Source data
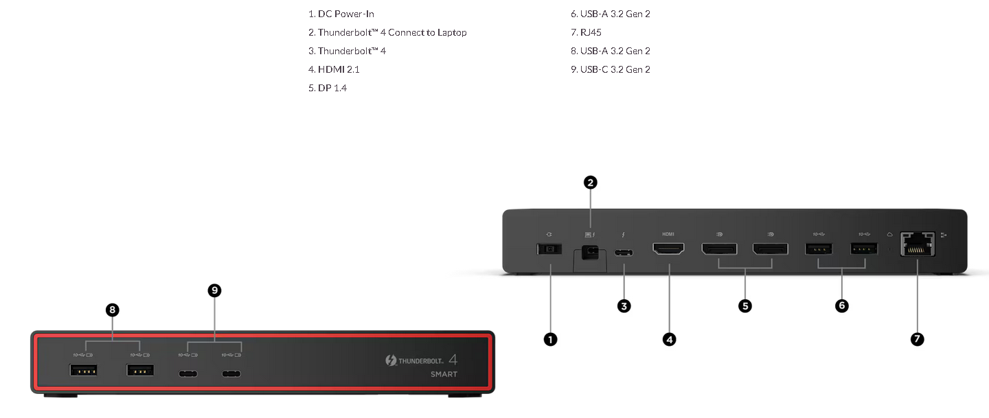 - The ThinkPad® Thunderbolt™ 4 Smart Dock 7500 with up to 40 Gbps bandwidth, you can have one Ultra-High Resolution 8K 60 Hz Displays or two 4K 144 Hz High Refresh Rate monitors set up, to fully extend your laptop to a powerful work platform with all different kinds of Peripheral Devices. It supports PD 3.1 and output up to 100W to give a fast-charge to your laptop, you can drastically expand the potential of your workspace with ease
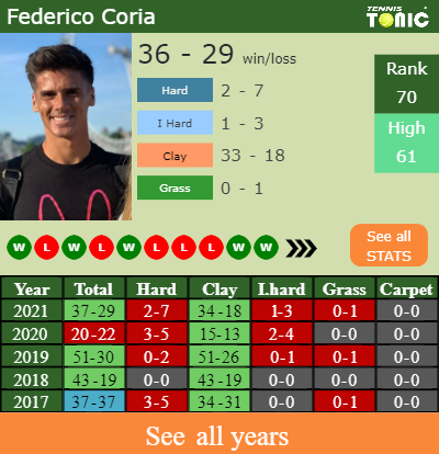 Coria has a solid win-loss record in the last 10 years having won 63% of his matches (457-271). 34-18 on clay in 2021. In connection with his performance on the same surface of this competition, Coria has an overall 446-241 match record in the last years on clay.
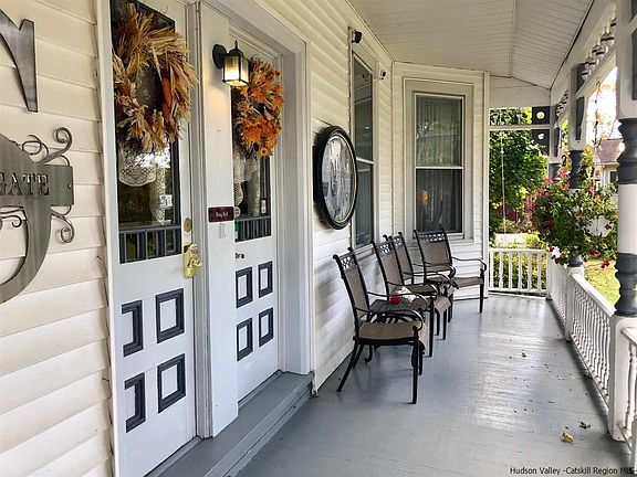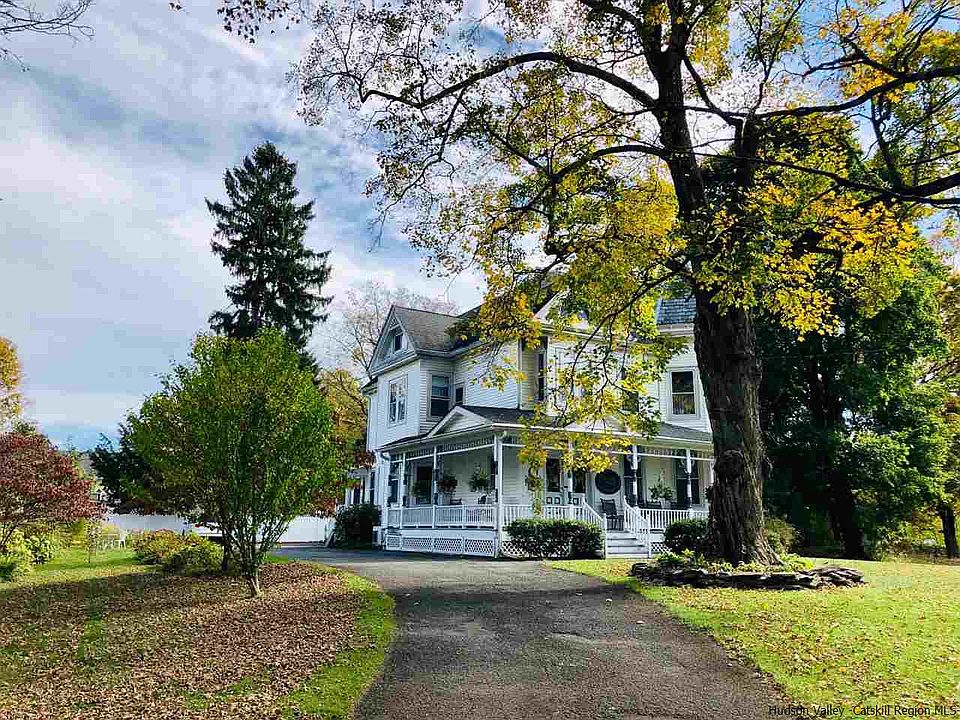 Enter the Stone Gated tree lined drive to this Charming 1890's Victorian located in the hamlet of Highland. Period details abound in this vintage classic including original molding and trim, stained glass windows, pocket doors & a grand winding staircase with all original detailing. Details include high ceilings, vintage lighting, alcoves, a formal dining room & cozy rear sun room. An elevator runs from the basement stopping at all 3 floors! Features also include wood floors-many original to the home, 3 fireplaces, municipal water and sewer,natural gas & ductless mini splits for air conditioning. An open design kitchen with island & side butler's pantry is perfect space for the cook! The large 3 car garage offers easily accessed bonus space above for future expansion. All sited on just over an acre tucked in from the street on a beautiful lot with circular drive, lovely lawn, garden area, privacy fence & plenty of parking too. Enjoy owning a wonderfully spacious and charming period Victorian---not many around!! Enjoy all the Hudson Valley has to offer from this property with easy access to historic sites in both Ulster and Dutchess Counties & quick access to the Walkway Over The Hudson & Metro North. Just 15 minutes to the world famous Culinary Institute and fine restaurants on both sides of the Hudson. Also located minutes to bustling Village of New Paltz, Shawangunk Ridge for hiking and climbing & NYS exit 18 thruway . This mint condition home is a Must See!
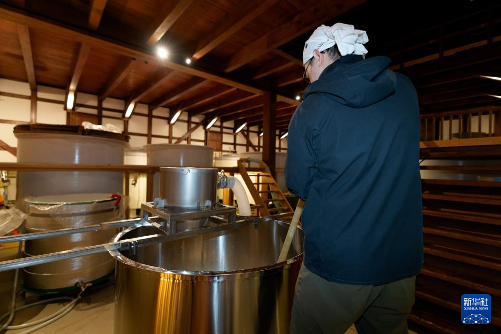 12月17日,工人在日本福井县常山酒厂搅拌添加过蒸米、麹和水的酒母。

Task details
Repeat exactly and only the lines from the start of the data above through the line that holds "Coria has a solid", inclusive. Pictures do not belong in the copy.

Written answer
 - The ThinkPad® Thunderbolt™ 4 Smart Dock 7500 with up to 40 Gbps bandwidth, you can have one Ultra-High Resolution 8K 60 Hz Displays or two 4K 144 Hz High Refresh Rate monitors set up, to fully extend your laptop to a powerful work platform with all different kinds of Peripheral Devices. It supports PD 3.1 and output up to 100W to give a fast-charge to your laptop, you can drastically expand the potential of your workspace with ease
 Coria has a solid win-loss record in the last 10 years having won 63% of his matches (457-271). 34-18 on clay in 2021. In connection with his performance on the same surface of this competition, Coria has an overall 446-241 match record in the last years on clay.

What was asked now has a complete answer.